CML patients in blast crisis have breakpoints localized to a specific region of the BCR

Chronic myelogenous leukemia (CML) is associated with the Philadelphia (Ph) chromosome, which results from a reciprocal translocation between chromosomes 9 and 22. This activates the abl oncogene by moving it from chromosome 9 and combining it with sequence located on chromosome 22. The new fusion gene, with chromosome 22 sequence at its 5' end and chromosome 9-abl sequence at its 3' end, generates a new messenger RNA (mRNA) and protein that are implicated in the pathogenesis of CML. The breakpoint near the c-abl locus on chromosome 9 can occur within a large area. In contrast, the breakpoints on chromosome 22 are concentrated within a 6 kilobase (kb) region termed the breakpoint cluster region (bcr).
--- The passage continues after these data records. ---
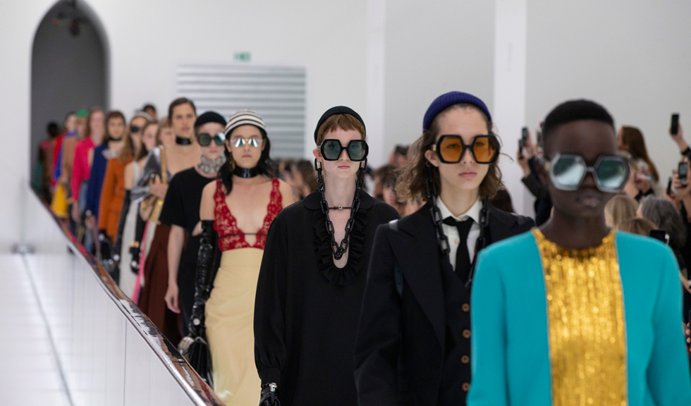 Gucci și-a prezentat colecția pentru primăvara lui 2020, cu un ansamblu de 21 de modele defilând înainte de prezentarea propriu-zisă în cămăși de forță. Explicabil, un model a protestat chiar pe podium.
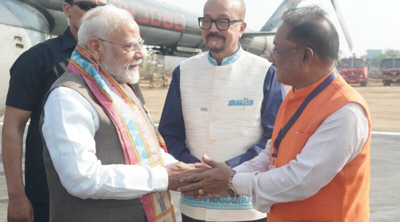 मुख्यमंत्री श्री विष्णुदेव साय ने प्रधानमंत्री श्री नरेंद्र मोदी का हेलीपैड में किया आत्मीय स्वागत
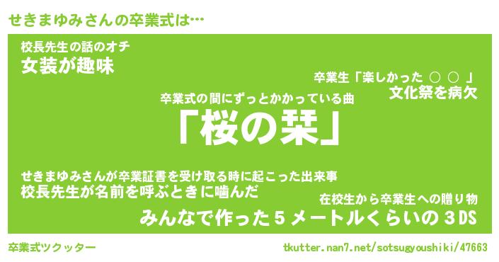| 伝説のあだ名 | 『封印されしスナイパーせきまゆみ』 |
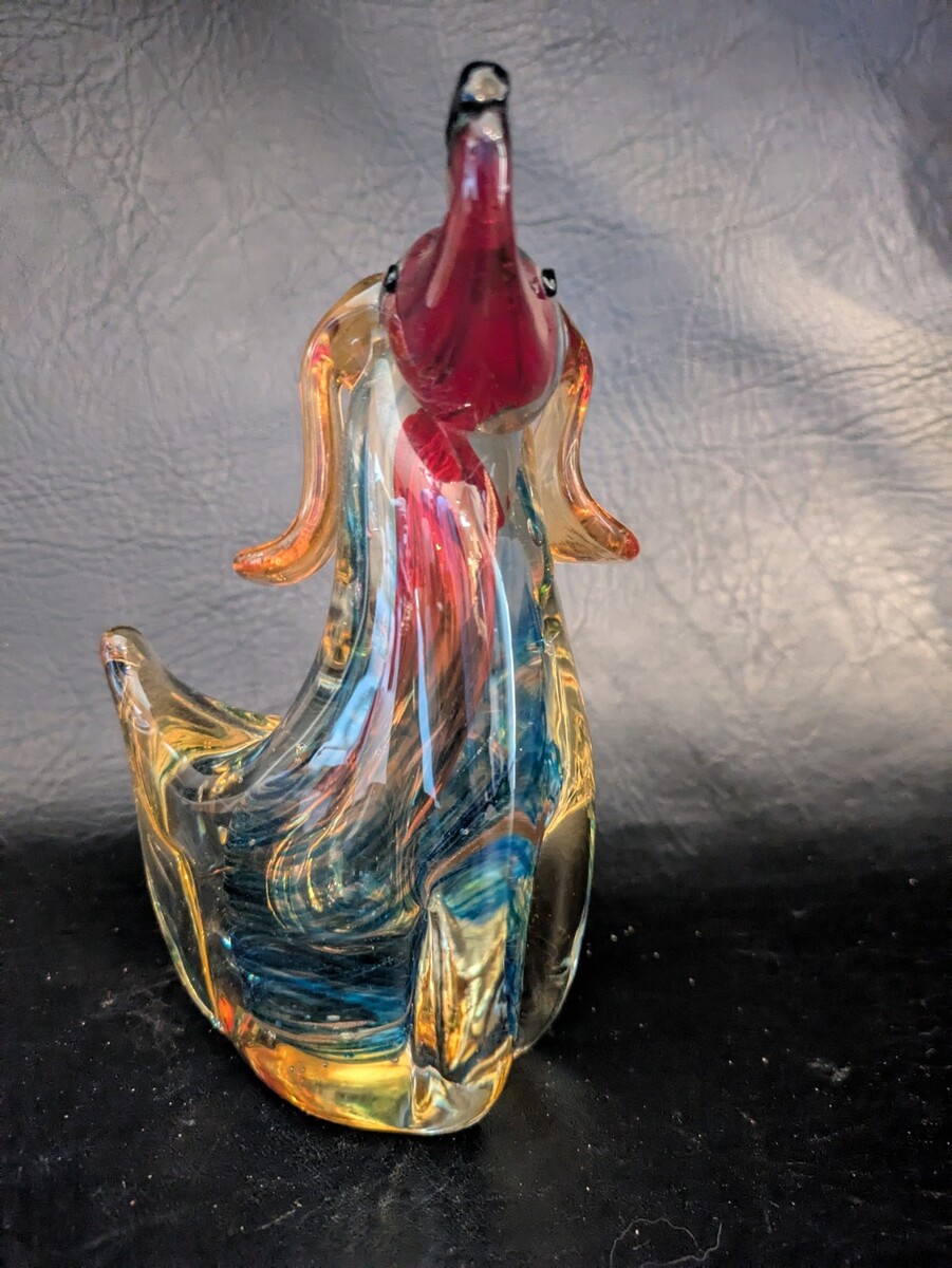 Dog Sitting Venetian Murano Art Glass Statue JICO Style 7 In Red Blue Yellow
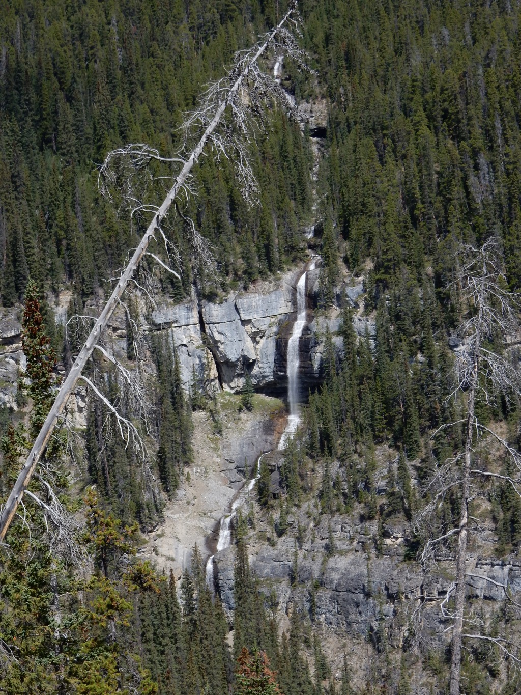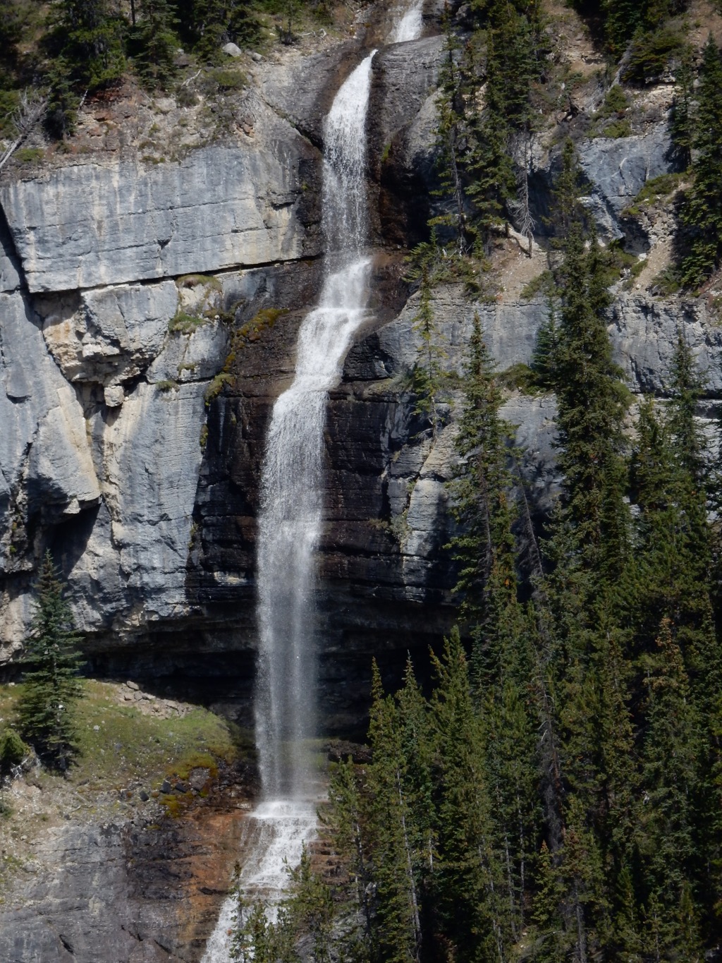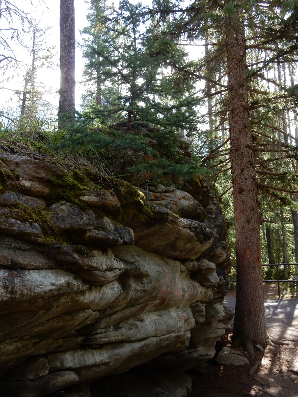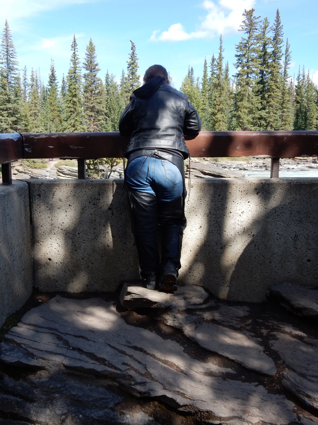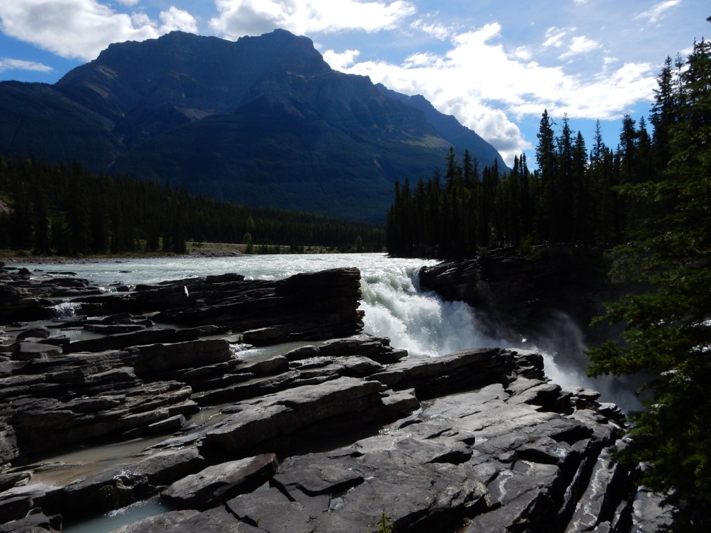 Karen instinctively finds the most height-improving vantage point at the Athabasca Falls in Jasper Park.

This study was designed to determine whether chronic-phase and blast crisis patients had identifiable differences in the structure of their Ph chromosomes. Restriction mapping of the chromosome 22 translocation breakpoints performed for 26 patients showed that the breakpoints of eight of the nine patients in blast crisis were in the 3' portion of the bcr, whereas the breakpoints in the 17 patients in the chronic phase were clustered in the 5' portion of the bcr. This suggests a strong correlation between a 3' bcr breakpoint and blast crisis in CML.